Title :
Feature Enhancement for Noisy Speech Recognition With a Time-Variant Linear Predictive HMM Structure
Author :
Deng, Jianping ; Bouchard, Martin ; Yeap, Tet Hin
Author_Institution :
Sch. of Inf. Technol. & Eng., Univ. of Ottawa, Ottawa, ON
fDate :
7/1/2008 12:00:00 AM
Abstract :
This paper presents a new approach for speech feature enhancement in the log-spectral domain for noisy speech recognition. A switching linear dynamic model (SLDM) is explored as a parametric model for the clean speech distribution. Each multivariate linear dynamic model (LDM) is associated with the hidden state of a hidden Markov model (HMM) as an attempt to describe the temporal correlations among adjacent frames of speech features.
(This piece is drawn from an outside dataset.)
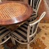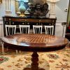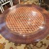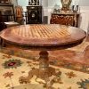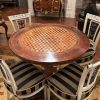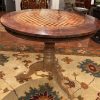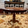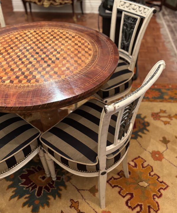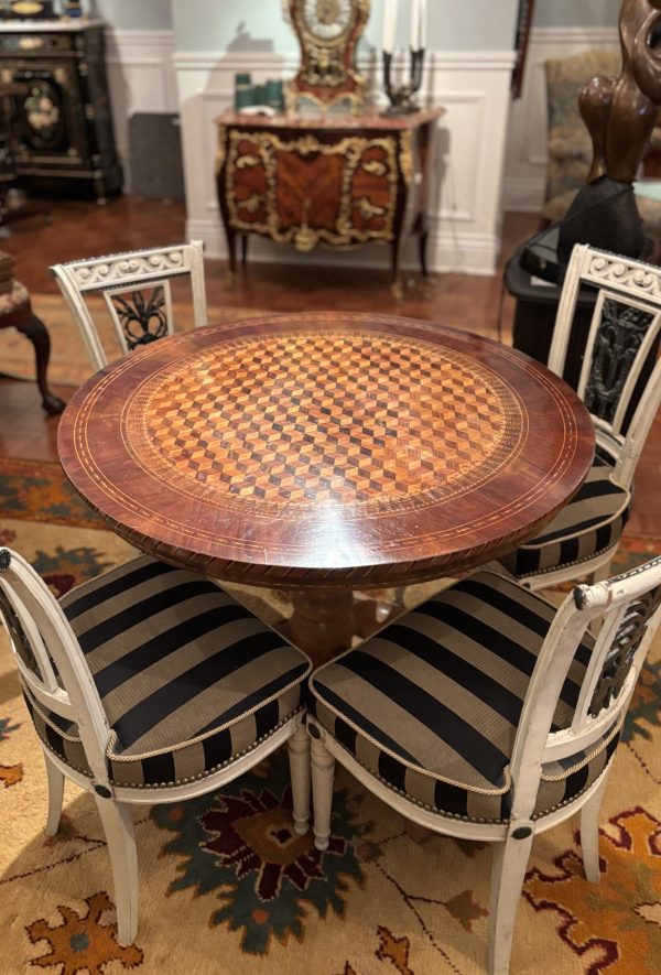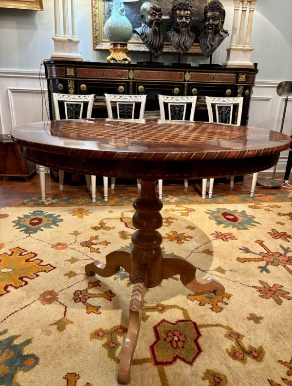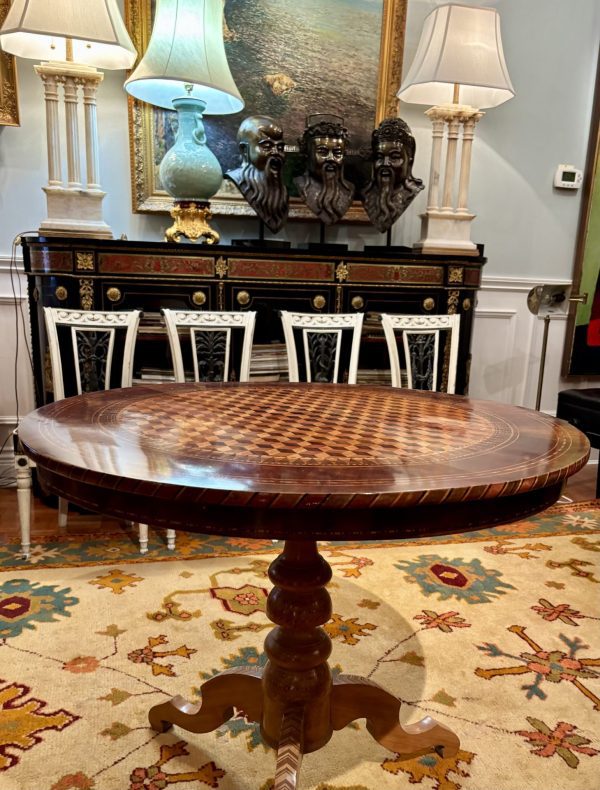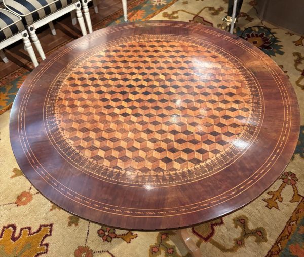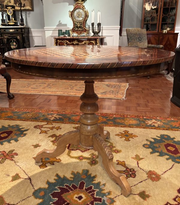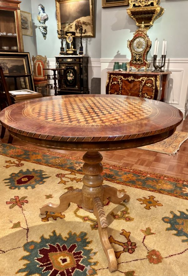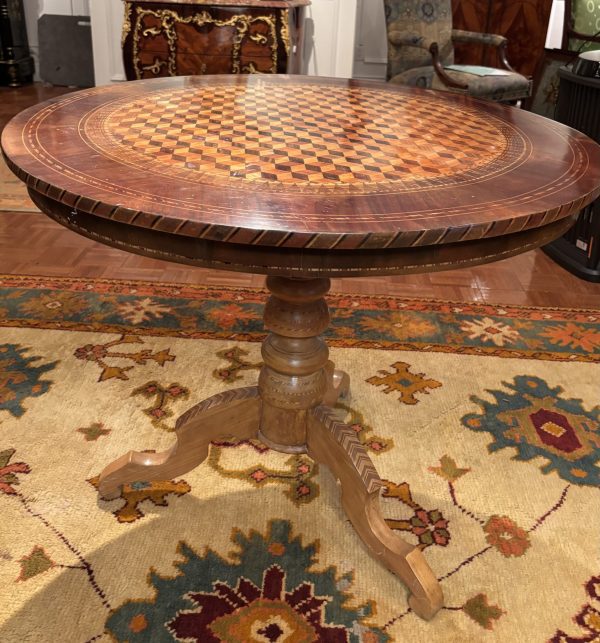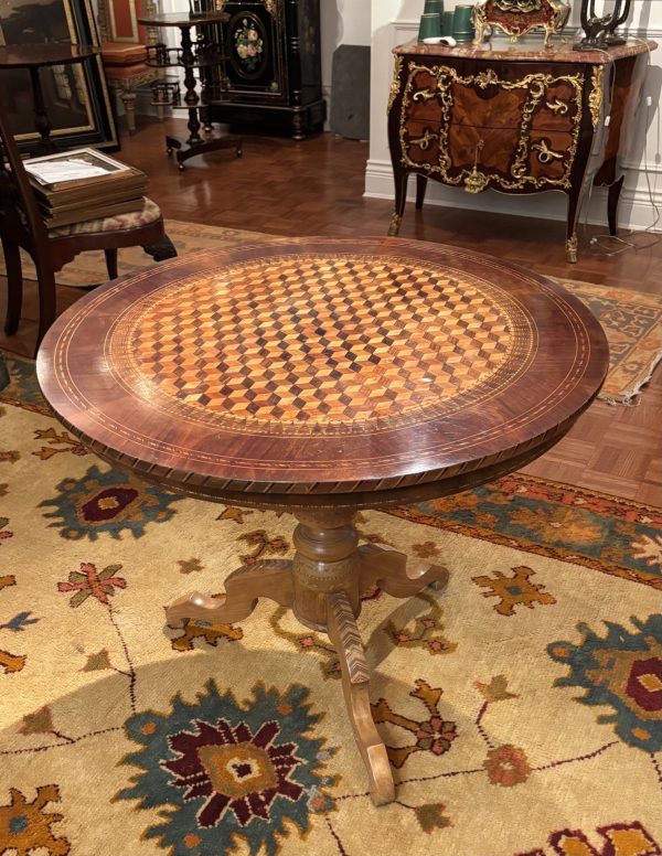 The city of Sorrento in Italy is famous for the manufacture of these types of tables, almost always constructed in walnut and typically having geometric inlay and other decorative inlay work to the top. This table is a fine example of the work done in that city from the early 19thC onward. The circular top has geometric inlay in three different woods creating an almost optical illusion of depth. The top rests on a turned inlaid column terminating in three splayed legs, also inlaid.

The state transition on the Markov chain is the process of activating a different LDM or activating some of them simultaneously by different probabilities generated by the HMM. Rather than holding a transition probability for the whole process, a connectionist model is employed to learn the time variant transition probabilities. With the resulting SLDM as the speech model and with a model for the noise, speech and noise are jointly tracked by means of switching Kalman filtering. Comprehensive experiments are carried out using the Aurora2 database to evaluate the new algorithm. The results show that the new SLDM approach can further improve the speech feature enhancement performance in terms of noise-robust recognition accuracy, since the transition probabilities among the LDMs can be described more precisely at each time point.
Keywords :
Kalman filters; hidden Markov models; speech enhancement; speech recognition; Aurora2 database; Markov chain; clean speech distribution; hidden Markov model; log-spectral domain; multivariate linear dynamic model; noisy speech recognition; speech feature enhancement; switching Kalman filtering; switching linear dynamic model; temporal correlations; time variant transition probabilities; transition probabilities; Speech feature enhancement; speech recognition; switching linear dynamic models (SLDMs); time-variant linear predictive hidden Markov model (HMM);
Journal_Title :
Audio, Speech, and Language Processing, IEEE Transactions on
DOI :
10.1109/TASL.2004.924593